Bebe Rexha also says, “Music is about pushing boundaries.” Maybe pop music is about pushing boundaries. Maybe hip-hop and EDM, and even rock are about pushing boundaries. But country music has always been about preserving boundaries, and paying homage to the past.

Going back to the very beginning of country music—back to 1927 and The Bristol Sessions, which was the first commercial implementation of country music—artists like The Carter Familly and Jimmie Rodgers weren’t playing the contemporary music of the day. They were paying the music of their ancestors and forebearers forward, just like Roy Acuff was on the Grand Ole Opry years later, and just like The Outlaws were when they invited Acuff, Ernest Tubb, and Bill Monroe to play Willie Nelson’s Dripping Springs Reunion and early 4th of July Picnics when Nashville had put these artists out to pasture. But of course Bebe Rexha doesn’t understand this because she’s not a country artist.

Of course country music must evolve, and boundaries must be pushed to some extent. But not to the point where country music is indiscernible from it’s past, indescribable from what it’s supposed to be, and indiscernible from every other genre.
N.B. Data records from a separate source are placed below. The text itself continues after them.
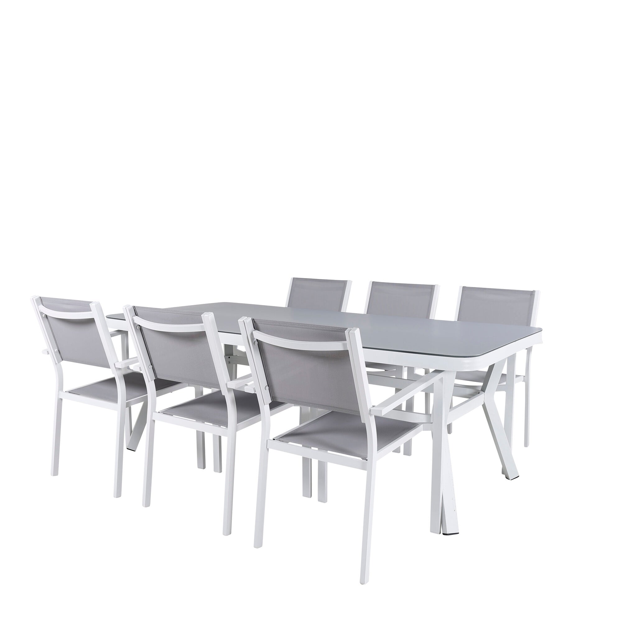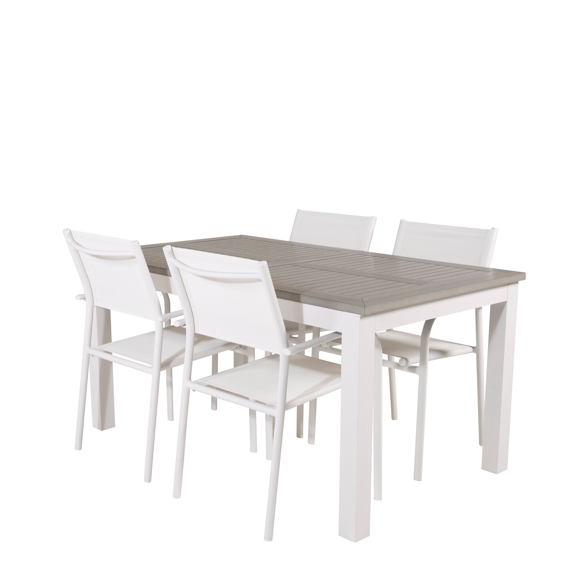 Albany stůl - 160/240 - Bílá/Šedá+Alina Jídelní židle - Bílá Alu / Bílá Textilene_6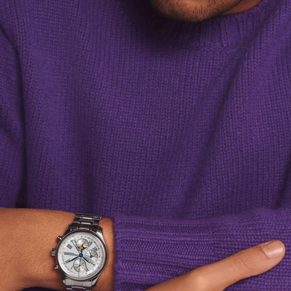 Montre chronographe automatique pour homme, phase de lune, chiffres romains, bracelet en acier inoxydable, verre saphir, montre-bracelet Longinesing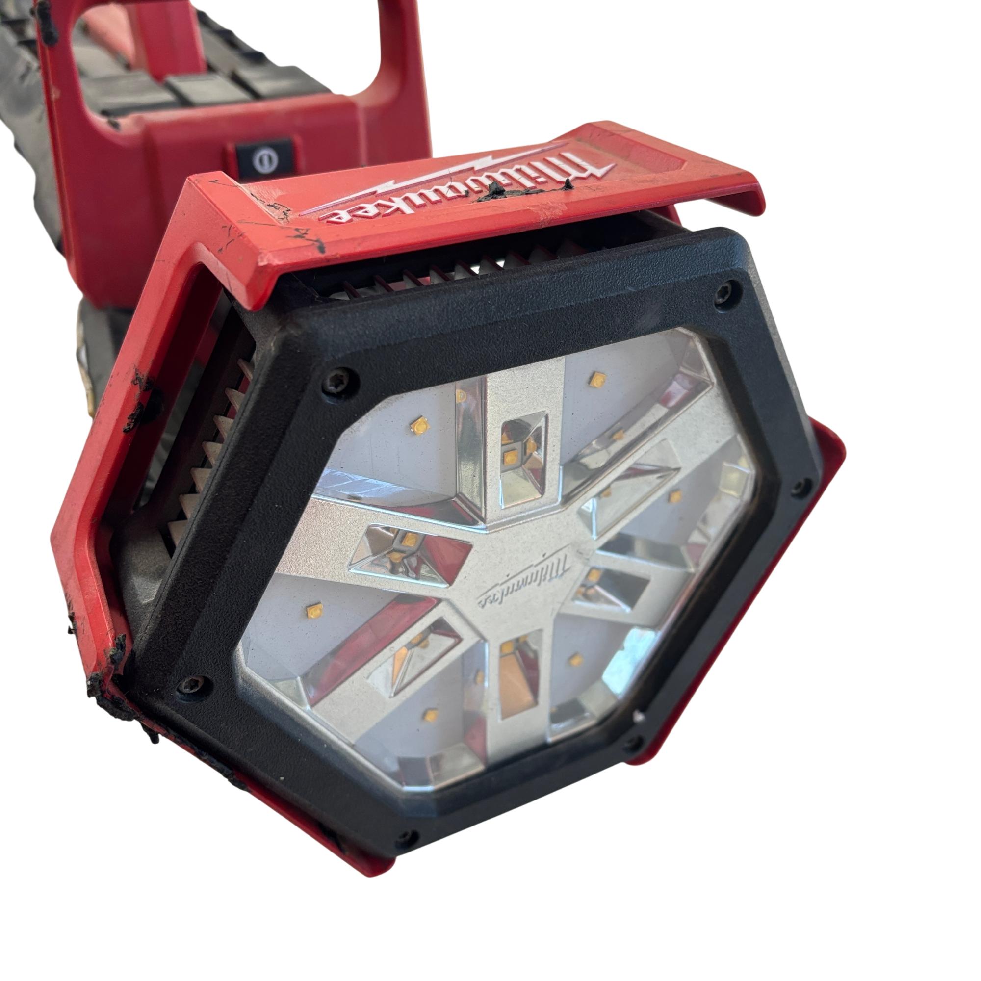 Milwaukee 2130-20 M18 TRUEVIEW LED Rocket Dual Power Tower Stand Light delivers versatile and powerful illumination ideal for job sites and outdoor work environments. This LED stand light features adjustable height and a rugged build with a distinctive red and black design, offering bright, consistent lighting with TRUEVIEW technology for enhanced clarity and color accuracy.

It’s always the most derivative filth they try to pass off as “evolution” or “pushing boundaries.” This language is simply a cover for devolving the music to appeal to the lowest common denominator, and the widest possible audience.

If evolved, boundary-pushing music was rewarded in our time, Dan Tyminski’s record Southern Gothic would be setting records right now, not Bebe Rexha. Gangstagrass would be the cross genre collaboration creating all the buzz, not “Meant To Be.” But this isn’t about pushing boundaries at all. It’s about diminishing the value of recorded music. And it’s not even that “Meant To Be” is the worst country crossover song in history. It’s that the song is making history when it should have never been allowed on country charts in the first place.

Calling Bebe Rexha country has created a completely unnecessary point of conflict in country music. Bebe Rexha was doing just fine in pop. Why cross over into country, especially when Rexha herself is saying she doesn’t consider herself or her song as part of the country genre? Instead of writing puff pieces to cover their tracks, Billboard and Jim Asker should exude some leadership here and craft a way out of this fiasco, as well as a resolution to make sure it doesn’t happen again.

This is madness. And it’s time to put a stop to it. When Wheeler Walker Jr. is the voice of reason in a situation, you know how far you’ve slid.